Skylark #1 |
Book blurb via Goodreads:
"Sixteen-year-old Lark Ainsley has never seen the sky.
Her world ends at the edge of the vast domed barrier of energy enclosing all that’s left of humanity. For two hundred years the city has sustained this barrier by harvesting its children's innate magical energy when they reach adolescence. When it’s Lark’s turn to be harvested, she finds herself trapped in a nightmarish web of experiments and learns she is something out of legend itself: a Renewable, able to regenerate her own power after it’s been stripped.
Forced to flee the only home she knows to avoid life as a human battery, Lark must fight her way through the terrible wilderness beyond the edge of the world. With the city’s clockwork creations close on her heels and a strange wild boy stalking her in the countryside, she must move quickly if she is to have any hope of survival. She’s heard the stories that somewhere to the west are others like her, hidden in secret—but can she stay alive long enough to find them?"
I want to give this book a high rating, but I do know that there were a few flaws with this story, and at the same time, I don't really care. The story was unique but not at the same time. It had many of the same plot devices that many YA dystopian books have, but the way they were presented felt new.
There is a test at the start that brings to light that there is something different about the MC, the thing that makes her unique also puts her life in danger. There's an escape, a mysterious boy that helps her. A secret city, and a mysterious war that caused everything to become the way it is in the book.
For the most part, I didn't feel like I was reading a carbon copy of any other book regardless of the similarities it shares with the genre. But I really do hate when the genre uses a vague and undisclosed war to try and "explain" why people live in walled cities and need to be harvested. It's a McGuffin and doesn't need to be vague. I probably wouldn't dislike the idea of a war, if it was actually explained.

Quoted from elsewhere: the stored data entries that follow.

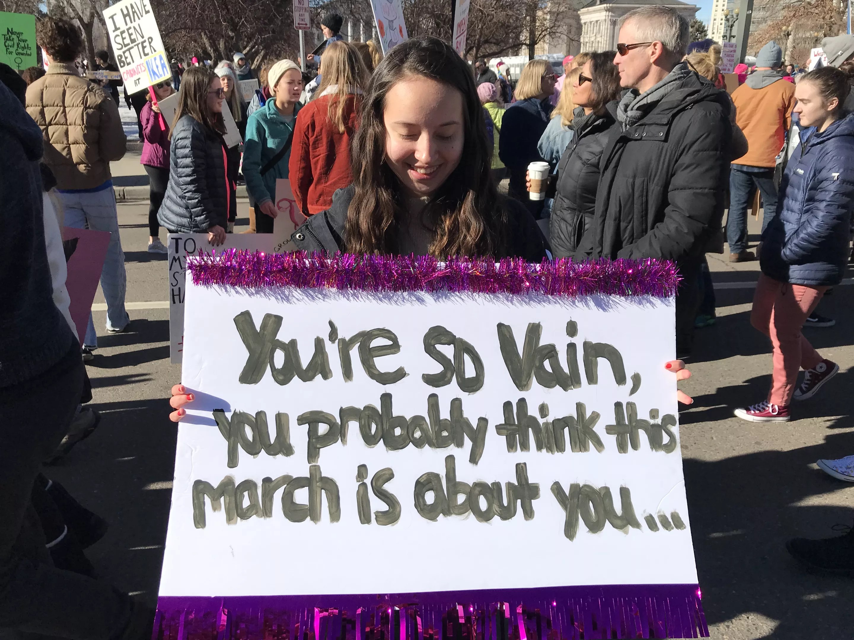 Sure, it’s a Carly Simon reference, a nod to the music nerds present at the March. But to whom is it directed? Trump? Mitch McConnell? Men in general? Maybe all of the above.
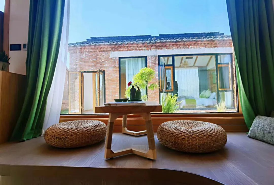 小院內(nèi)的房間環(huán)境優(yōu)美,綠色的抹茶,綠色的茶園,綠色主題,相映成趣,一片生機(jī)盎然。回歸自然與本我,沏茶讀書,臥聽風(fēng)雨。
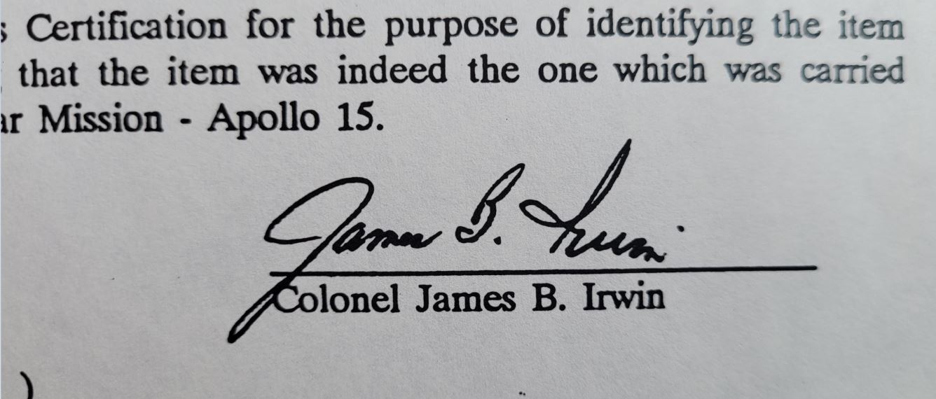 - A copy of the original certification from astronaut Jim Irwin.
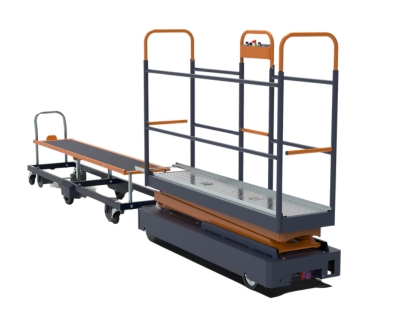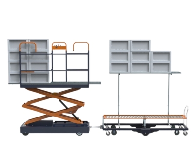 - Easy transfer of crates from the pipe rail trolley to the BeMotion Transport Trolley and back
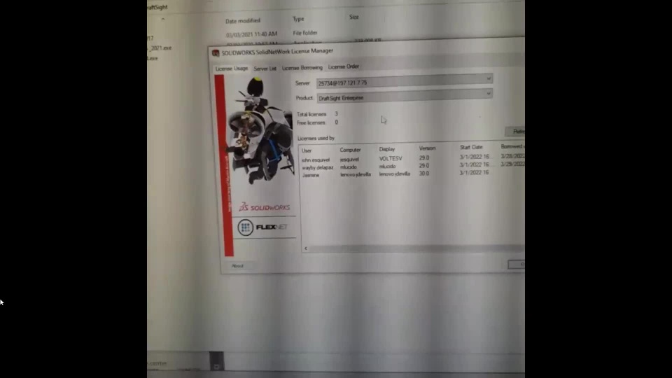 When we return the licenses, the SOLIDNETWORK License Manager Client closes.
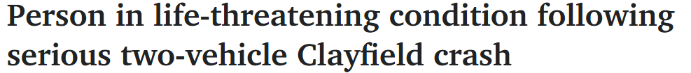 布里斯班Clayfield两车相撞,至一人重伤,道路封闭!

Lark is a.....I'm not really sure how to feel about her. She is just pretty average. And fairly useless without help of some kind. The supporting characters were mostly there just to fill outcast rolls of the genre. The character that I liked and was interested in learning more about was Oren. He was an interesting character, and I hope to see him in the other books.
From this review, you might gather that I didn't really like it, but I did. I read it really fast, the writing flowed nicely, and it had just enough mystery that I wasn't able to predict what was going to happen next, most of the time.